When You Break Up

when you break up graphic to use

 

“I forgot our anniversary,” the man said to his visibly angered wife, “because I am a busy man” and he left the dinner table at the restaurant and walked off. They had been bickering and he simply got up to leave and said goodbye after paying the check and dropping his napkin. She was on the phone for a while to someone else. She eventually left. The whole room could tell they were fighting.

Just yesterday, he wrote back to a woman who he had quickly made love. First date, she said to him: “Do you want to make love now or later?”

He said to her wanting to be perceived as a gentleman: “Next time,” and they waited a few days.

The point he was making is that by the third date, which was two nights at her house, her being exhausted from travel, the day before she went to see her step-sister, whom she seldom saw and her father, who was in recovery from cancer, she had an emotional breakdown in a Left Bank restaurant. Tears came down her face. She had driven to Santa Cruz to Marin and back to Menlo Park. She was hungry.
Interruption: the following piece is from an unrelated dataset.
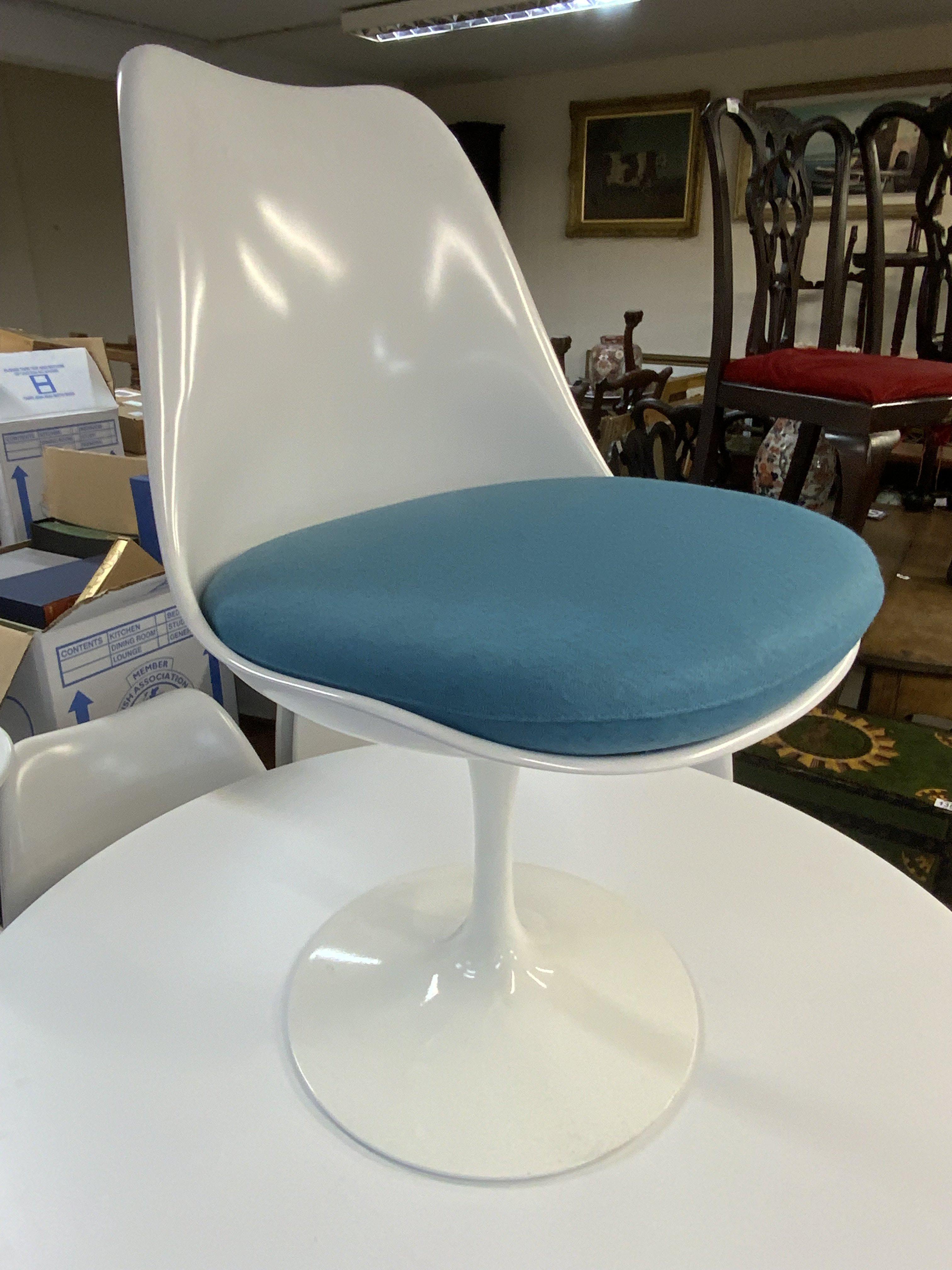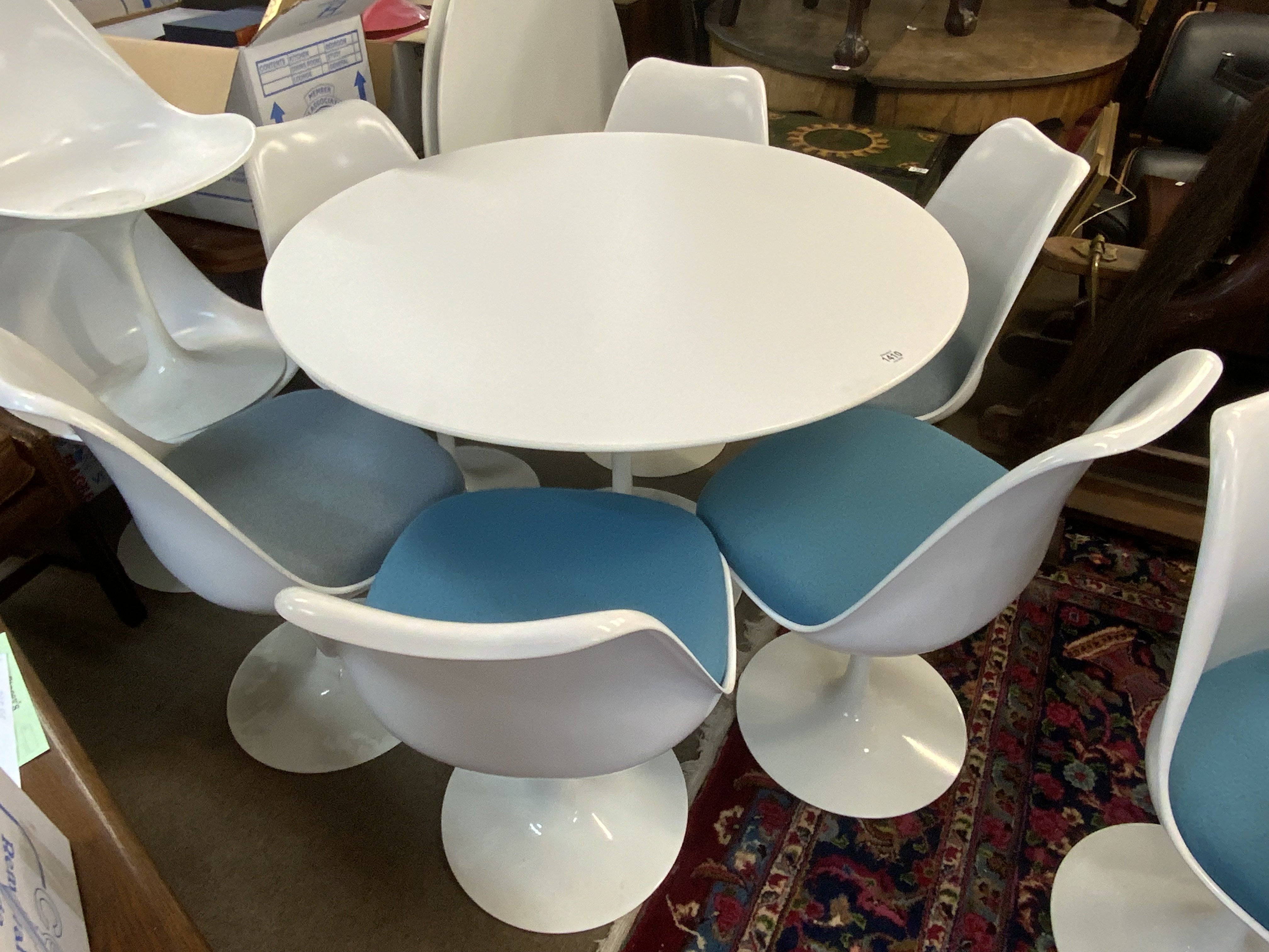 Mid Century Tulip dining suite (Table and 6 chairs) designed by Eero Saarinen 1956 (Finnish-American, 1910-1961) for Knoll, laminated top over a curved painted metal base, stamped 'Knoll Studio', 107cm diameter 73cm high, and six 'Tulip' chairs, each with a white plastic shell over a painted metal base. (Mixed Light blue / turquoise blue upholstered cushions).
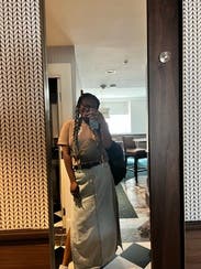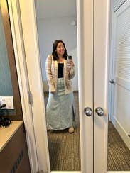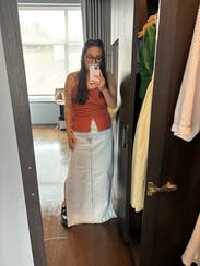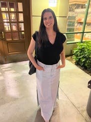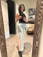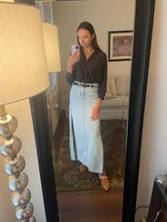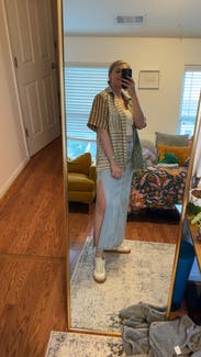 Great skirt for a girls trip to Nashville. Paired it with cowboy boots a night out and white sneakers for day. Good weight of fabric for shoulder season.

She had just massaged an old man, who fell asleep in her arms, but who mostly just wanted to sing.

Her meltdown, the irrational behavior that came before it, and his inability to relate since he had not gone through those feelings with her, left him empty. He was unfeeling and at a point he told her about another occurrence that he simply could not relate to of his friend’s mother’s death because he had lost his father when he was ten.

“Good for the bastard,” he said, “maybe it would treat him to be less of a bully.”

But, of course, that was the worst thing he could have said. He even asked and got to see her mother.

In the meantime, and almost the point of this, he thought, was that she sang and played the guitar for him and used his poems/words from his books to write songs, leading him to draft a collaborative contract if she wanted to do an album.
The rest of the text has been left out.